Fondement constitutionnel
La Constitution de 2001, en vigueur actuellement, prévoit l’immunité parlementaire sous certaines conditions. Son article 61 stipule que « Aucun député ne peut, pendant la durée de son mandat, être poursuivi, recherché, arrêté, détenu ou jugé à l’occasion des opinions ou votes émis par lui dans l’exercice de ses fonctions. » Ce principe garantit aux parlementaires la liberté d’expression et d’action dans leur travail législatif sans crainte de représailles judiciaires.
Il est cependant important de distinguer l’irresponsabilité de l’inviolabilité. La première protège les parlementaires pour les actes accomplis dans le cadre de leurs fonctions (opinions, votes, interventions en séance), tandis que la seconde interdit de poursuivre un parlementaire pour des infractions commises en dehors de ses fonctions sans autorisation préalable. Toutefois, en cas de flagrant délit, l’inviolabilité ne s’applique pas, et le parlementaire peut être arrêté immédiatement, mais l’Assemblée nationale doit en être informée dans les plus brefs délais.
Le défi reste de renforcer la confiance des citoyens envers les institutions. Une levée d’immunité doit être perçue comme un acte visant à garantir l’égalité devant la loi, et non comme une manœuvre politique. Cela nécessite une justice indépendante, un cadre légal solide, et l’engagement des parlementaires à privilégier l’intérêt général plutôt que leurs intérêts personnels ou partisans.
La procédure
Après la saisine du ministre de la Justice, le bureau de l’Assemblée nationale se réunit pour examiner la demande. Une commission ad hoc est ensuite mise en place pour étudier cette demande, suivie d’une séance plénière, prévue ce vendredi, pour statuer sur la levée de l’immunité parlementaire de Farba Ngom.
La levée de l’immunité parlementaire est régie par des règles strictes, inscrites dans les textes législatifs et réglementaires. Une fois la demande formulée par le ministère de la Justice et transmise au président de l’Assemblée nationale, la commission ad hoc auditionne le parlementaire concerné et analyse les éléments fournis par l’autorité judiciaire. Ensuite, le rapport de la commission est soumis à un vote en plénière. Une majorité simple des députés présents est nécessaire pour lever l’immunité.
Les articles 51 et 52 de la Constitution visent à maintenir un équilibre entre la protection des prérogatives parlementaires et la préservation du principe de justice.
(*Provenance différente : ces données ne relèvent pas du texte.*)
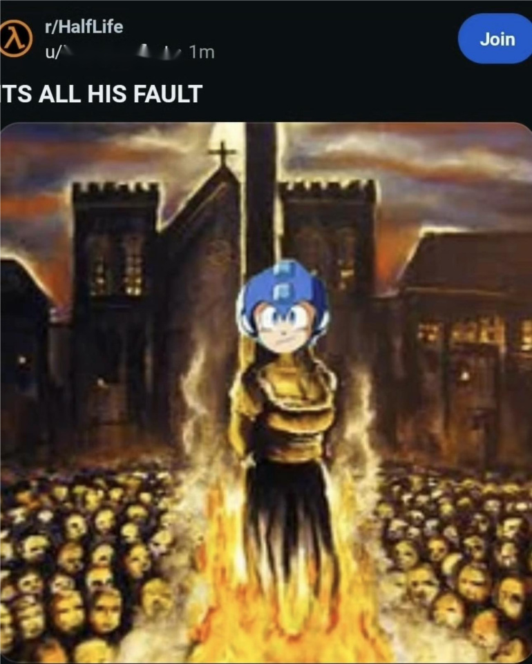 很快,人们开始像黑死病爆发时的教廷和国王那样,为一切的癫狂寻找一个替罪羊——最终,他们找到了刚刚在TGA上公布的《洛克人 双重超载》,将这个射黄豆的蓝色故障机器人指定为一切的元凶,并将他送上了火刑架,施以柳条人红温火烤之刑,行圣女贞德与布鲁诺故事。

Cependant, leur application soulève parfois des controverses, notamment lorsqu’elle semble influencée par des considérations politiques. Ces articles rappellent l’importance d’une séparation rigoureuse des pouvoirs pour garantir la crédibilité des institutions démocratiques et prévenir tout abus ou instrumentalisation des procédures légales.
Un outil pour neutraliser des opposants politiques ?
L’immunité parlementaire est parfois perçue au Sénégal comme un moyen pour certains élus d’échapper à la justice. Des abus ont été relevés, en particulier dans des affaires de corruption, de détournements de fonds publics ou d’autres infractions graves.
La procédure de levée d’immunité est également considérée par certains comme un instrument pour neutraliser des opposants politiques, comme l’ont montré les affaires Khalifa Sall et Ousmane Sonko.
Lors des dernières législatives, plusieurs personnalités politiques, dont Farba Ngom, Amadou Ba, Aïssata Tall Sall, Abdou Karim Sall, Macky Sall et Cheikh Oumar Hanne, ayant occupé des fonctions importantes au sein de l’État, ont cherché à obtenir un poste de député. Une partie de l’opinion publique, en particulier leurs adversaires politiques, y a vu une tentative de se protéger derrière l’immunité parlementaire.
En réponse à ces accusations, des figures comme Abdou Mbow (député), Zahra Iyane Thiam (ancienne ministre) et Amadou Ba (ancien Premier ministre) ont défendu leur position, affirmant qu’un ancien ministre pouvait légitimement servir son pays à l’Assemblée nationale. « Avec votre majorité écrasante, vous pouvez lever l’immunité parlementaire de n’importe qui sur commande », avait répliqué une ancienne ministre de l’Économie sociale et solidaire lorsqu’on critiquait l’absentéisme de son mentor à l’hémicycle.